Task instructions:
Word for word, reproduce each line of the data below, omitting every image.
*** Data excerpt ***
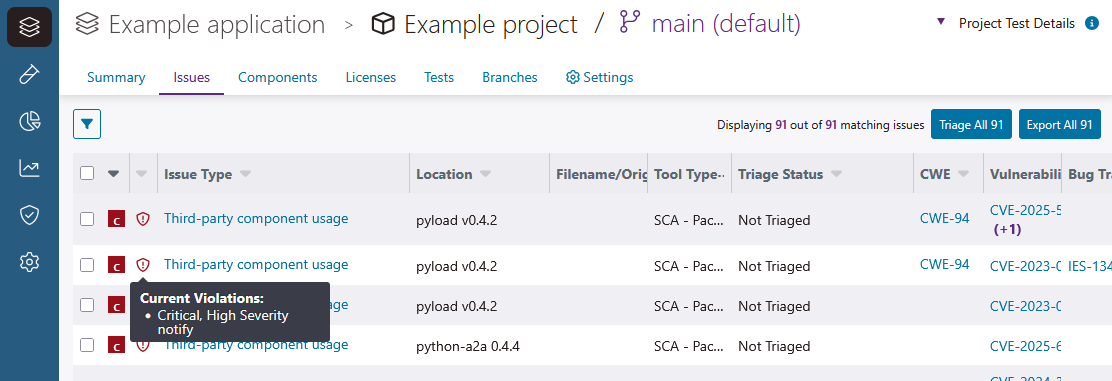 On the Issues tab, a policy status icon appears next to issues that violate issue policies. Hover over the policy status icon to view the names of issue policies an issue violates.
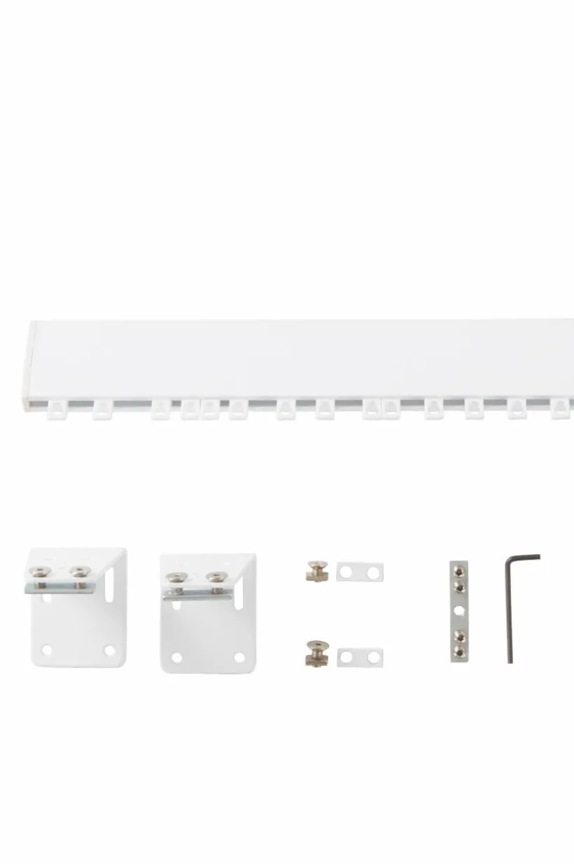I setet ingår 1 gardinskena, 2 takfästen, 2 väggfästen, 14 glid, 1 skarvdel och L-nyckel.
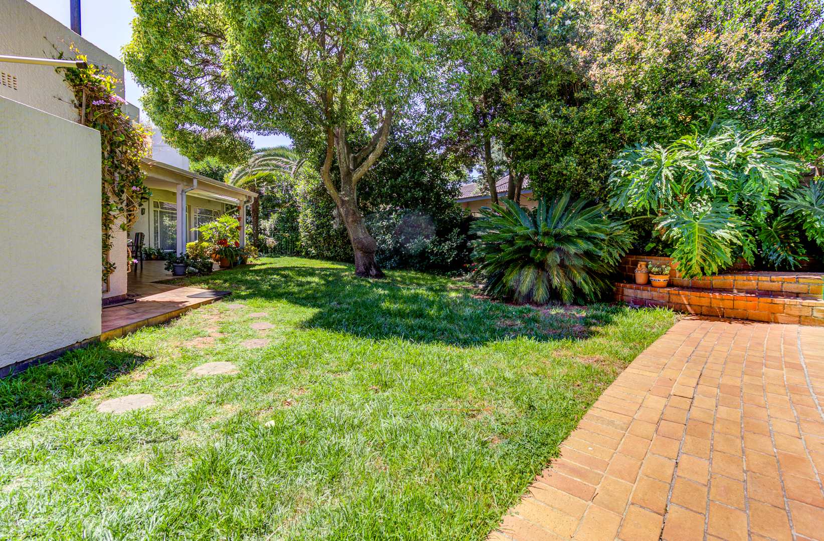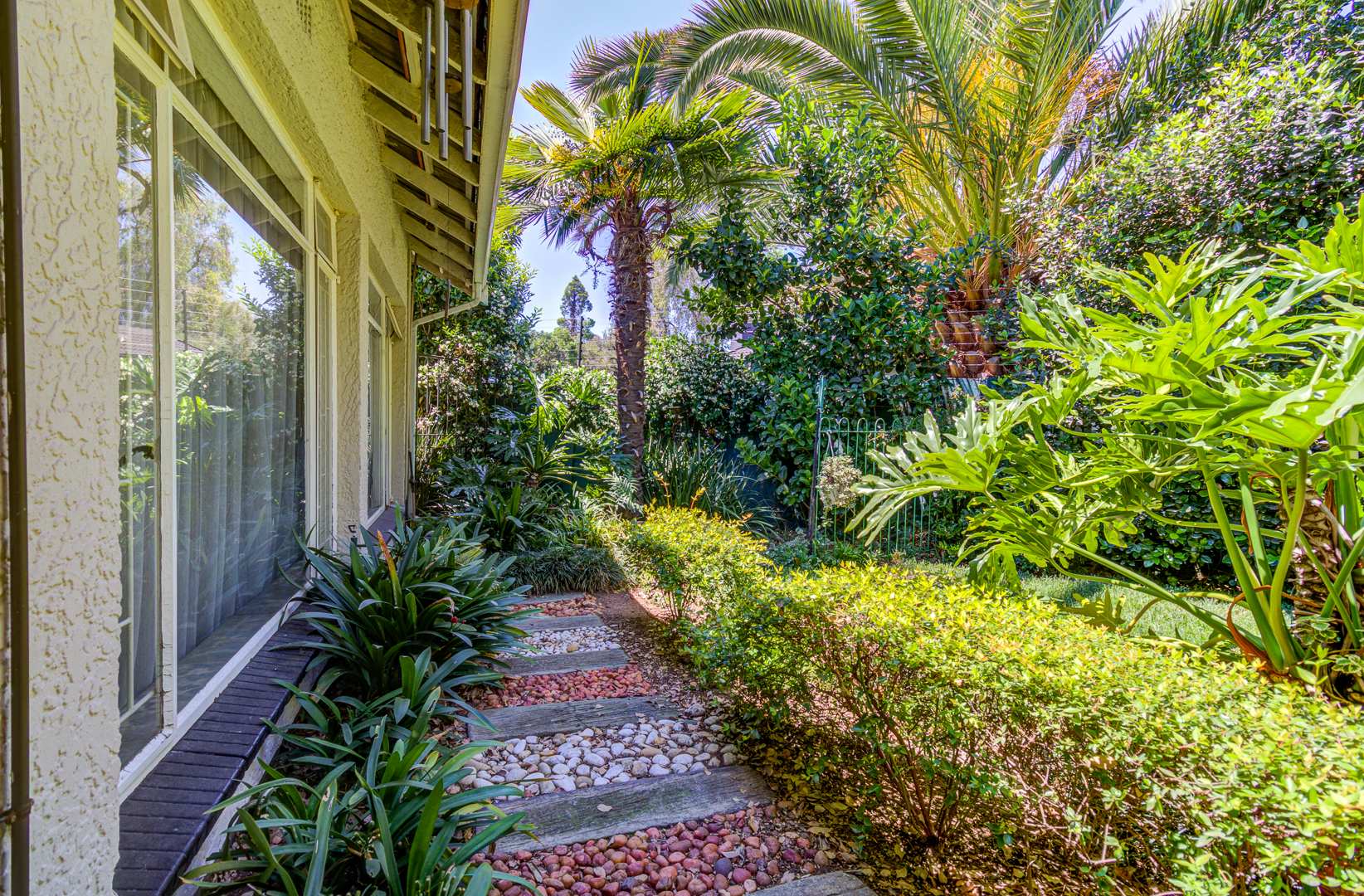 The expansive outdoor area is a true highlight, offering a private sanctuary amidst the bustling suburban environment. The meticulously manicured lawn and dense, mature greenery provide a serene backdrop for outdoor activities and quiet enjoyment. Numerous large windows and glass doors throughout the home invite abundant natural light, seamlessly connecting the interior with the beautiful garden surroundings. The double garage ensures secure vehicle accommodation and additional utility space.
*** End of Data excerpt ***
Exercise answer:
 On the Issues tab, a policy status icon appears next to issues that violate issue policies. Hover over the policy status icon to view the names of issue policies an issue violates.
I setet ingår 1 gardinskena, 2 takfästen, 2 väggfästen, 14 glid, 1 skarvdel och L-nyckel.
 The expansive outdoor area is a true highlight, offering a private sanctuary amidst the bustling suburban environment. The meticulously manicured lawn and dense, mature greenery provide a serene backdrop for outdoor activities and quiet enjoyment. Numerous large windows and glass doors throughout the home invite abundant natural light, seamlessly connecting the interior with the beautiful garden surroundings. The double garage ensures secure vehicle accommodation and additional utility space.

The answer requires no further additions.